Bank Austria’s Stefan Bruckbauer sees a way out of the crisis

The chief economist of Bank Austria proposes an “easy”, though painful, solution to Europe’s debt mess.

The EU is currently engaged in an almost endless series of summits to create a long-term solution for Greece, as well a plan to ring-fence the banking system and the eurozone’s bigger peripheral countries. So it seems odd for an economist to propose an “easy” solution to the mess.

But for Stefan Bruckbauer, that solution might be quite straightforward. The chief economist of Bank Austria stresses that one cannot grasp the problem of the debt crisis without taking a bird’s eye view.

“Look at the balance sheet of the eurozone. We see huge debts on the side of governments and corporations and a big surplus on the side of private households,” he said during InvestmentEurope’s Fund Selector Forum Austria.

To be able to move the debt mountains on the side of governments, savers might see the value of their ­holdings shrink.
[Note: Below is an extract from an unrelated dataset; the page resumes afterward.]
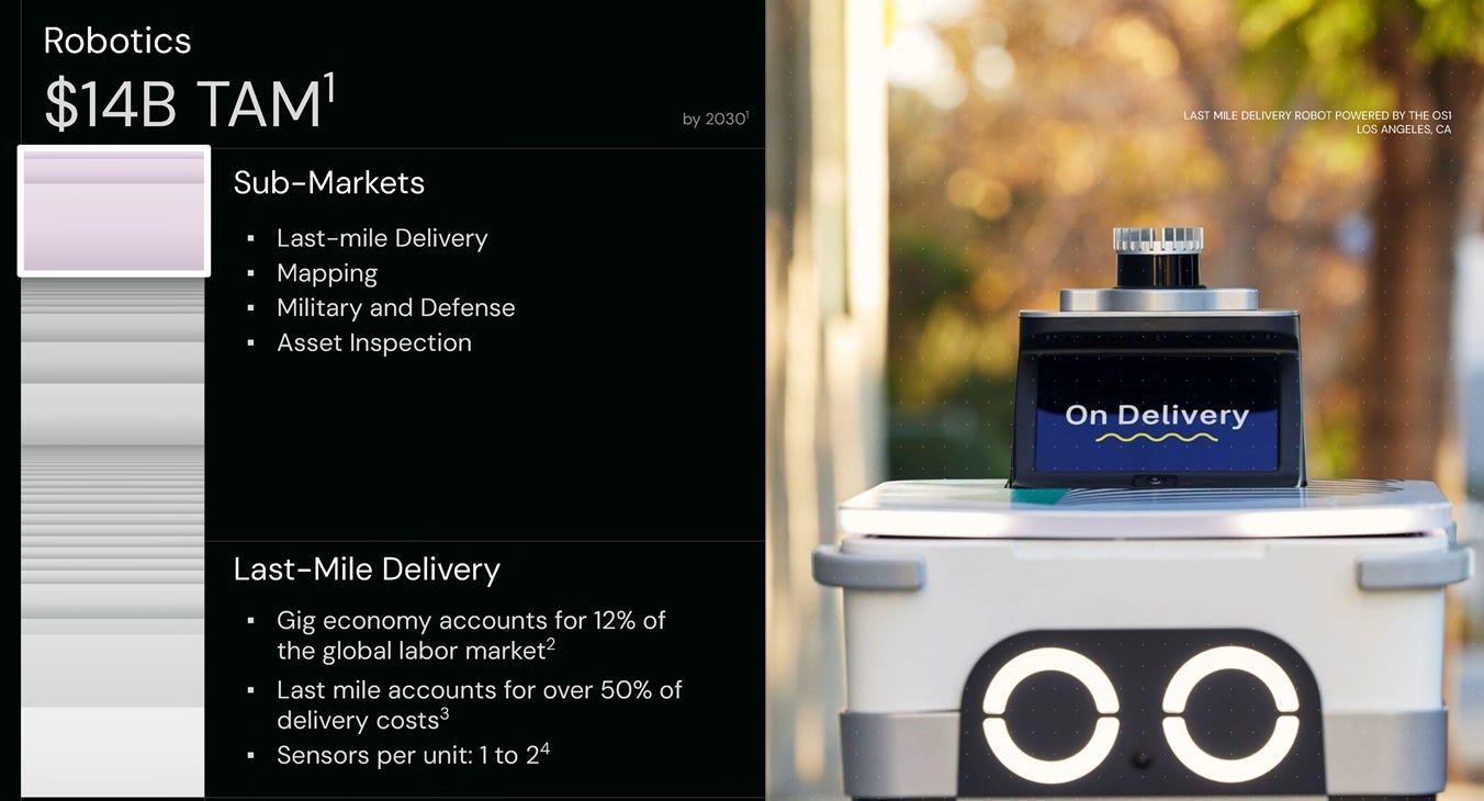 Automotive is the other smallest revenue contributor (single digit percentage) today but a huge piece of the long-term value. Most of the reason this revenue is quite slim today is because programs are largely in pre-production even more so than in the other segments. Robotrucking is a multi-billion dollar ($70B+) opportunity itself with the LiDAR specific part of that likely well above $1B. For OUST today, it’s mainly small R&D and pilot revenue, but once autonomy on the roads becomes a lot more common, these small wins so far can flip into a huge amount of units sold.

With €12.2trn in net assets on the side of ­households, there should be room to absorb real losses on the €6.2trn in eurozone government debt. But the ­proposal is as painful for investors as it is simple.
“Governments can only get out of their debt if the holders of government debt get no real interest rate on their bonds,” Bruckbauer said.

Financial repression

The phrase “financial repression”, popularised by US scholar Carmen Reinhart, springs to mind. The senior fellow at the Peterson Institute for International ­Economics argued in a paper for the International ­Monetary Fund in May, The Liquidation of Government Debt, that governments were only able to get out the post-war debt through negative real interest rates over 20 years.

“We are not talking about hyperinflation here,” ­Bruckbauer told the fund selectors and ­portfolio managers listening to his keynote address at the Austria Forum. “Even inflation rates of four to five per cent would do the trick over ten to 20 years.”
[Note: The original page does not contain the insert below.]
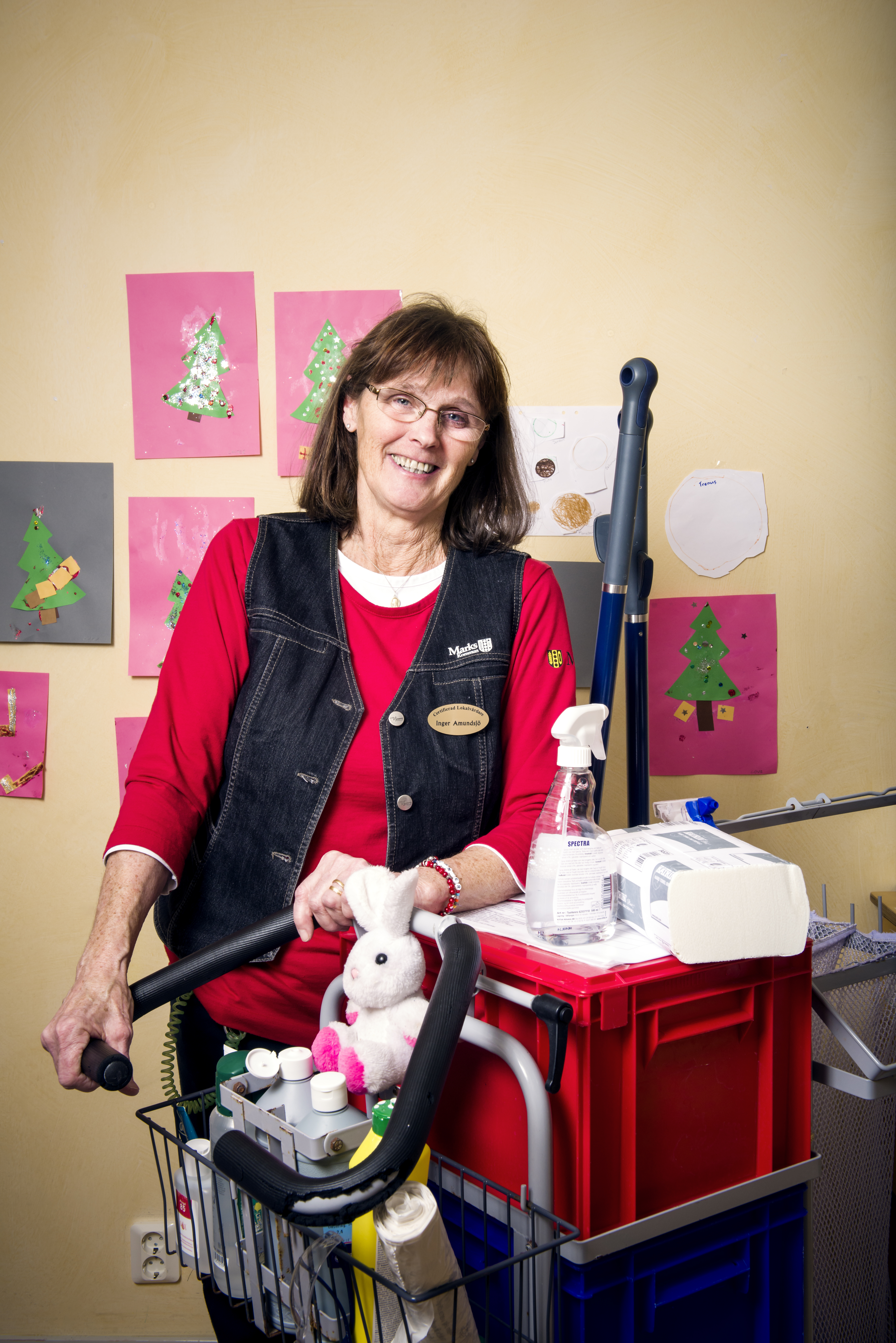 På jobbet Inger Amundsjö, 62 år och städare på Snickargårdens förskola i Kinna, berättar o…

The economist’s medicine also needs a disciplined patient, not only lower private savings. If governments started to balance their budgets and the European Central Bank keeps interest rates on long-term bonds low, even moderate nominal growth (real expansion plus inflation) might help to pay off debts quickly.
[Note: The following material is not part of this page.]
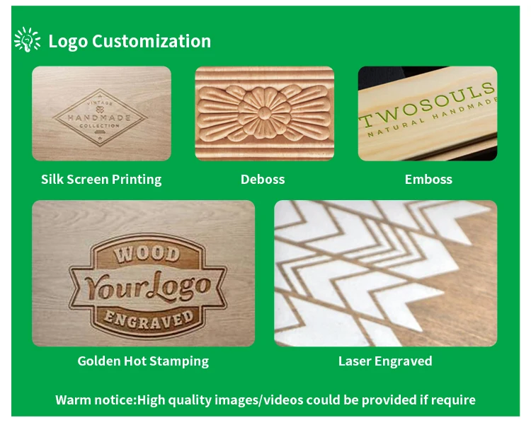 Logo | Hot stamping, embossed logo, UV coating, silk screen printing,engraving etc. |

Public debt in advanced economies – today at the ­staggering level equal to economic output – could thus fall to below 90% of GDP by 2020, with an annual deficit of 2% and nominal growth of roughly 4%.

This notion does not sound completely preposterous. According to the IMF, annual nominal growth in advanced economies averaged 3.3% over the past ten years, despite the most severe recession since the Second World War.